ASSIGNED TASK: Make an exact copy of every entry, leaving the pictures out.

ENTRIES SHOWN:
....

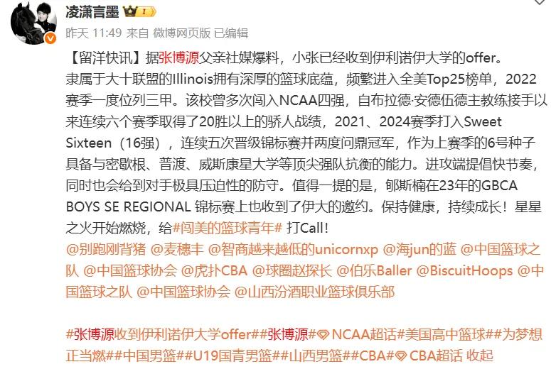 As revealed by Zhang Boyuan's father,Zhang Boyuan has secured an offer from the University of Illinois.
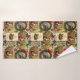 This design features a repeating Christmas pattern that looks like old-fashioned wrapping paper. It displays classic pictures of Santa Claus in his red suit standing next to a reindeer, along with large green holly wreaths tied with red ribbons that circle a snowy winter scene. The design is filled with traditional holiday details like lit candles, scrolls with greetings like "A Happy Christmas Tide," and warm colors that create a cozy and festive feeling.
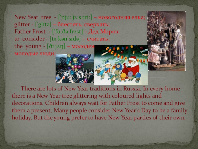 New Year tree - ['njuː'jɜːs triː] – новогодняя елка;
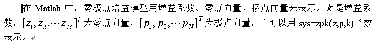 在Matlab中,零极点增益模型用增益系数、零点向量、极点向量来表示。
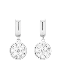 Srebrne kolczyki z rozetką zapinane na bigle. Całość wykonana ze srebra 925. Długość kolczyków 2,8 cm Długość bigla 1,5 cm Rozeta 1,3 cm Zapakowane w eleganc...
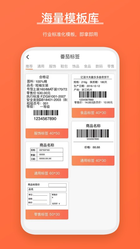番茄标签app最新版即原来的快麦标签,海量模板随心使用,可以自由插入条形码、二维码、文本、表格、图标、日期等,能根据实际情况进行标签的设置和打印,能上传相关的excel数据,能自由设置打印的字体大小、样式等。

....

RESPONSE TO THE EXERCISE:
 As revealed by Zhang Boyuan's father,Zhang Boyuan has secured an offer from the University of Illinois.
 This design features a repeating Christmas pattern that looks like old-fashioned wrapping paper. It displays classic pictures of Santa Claus in his red suit standing next to a reindeer, along with large green holly wreaths tied with red ribbons that circle a snowy winter scene. The design is filled with traditional holiday details like lit candles, scrolls with greetings like "A Happy Christmas Tide," and warm colors that create a cozy and festive feeling.
 New Year tree - ['njuː'jɜːs triː] – новогодняя елка;
 在Matlab中,零极点增益模型用增益系数、零点向量、极点向量来表示。
 Srebrne kolczyki z rozetką zapinane na bigle. Całość wykonana ze srebra 925. Długość kolczyków 2,8 cm Długość bigla 1,5 cm Rozeta 1,3 cm Zapakowane w eleganc...
番茄标签app最新版即原来的快麦标签,海量模板随心使用,可以自由插入条形码、二维码、文本、表格、图标、日期等,能根据实际情况进行标签的设置和打印,能上传相关的excel数据,能自由设置打印的字体大小、样式等。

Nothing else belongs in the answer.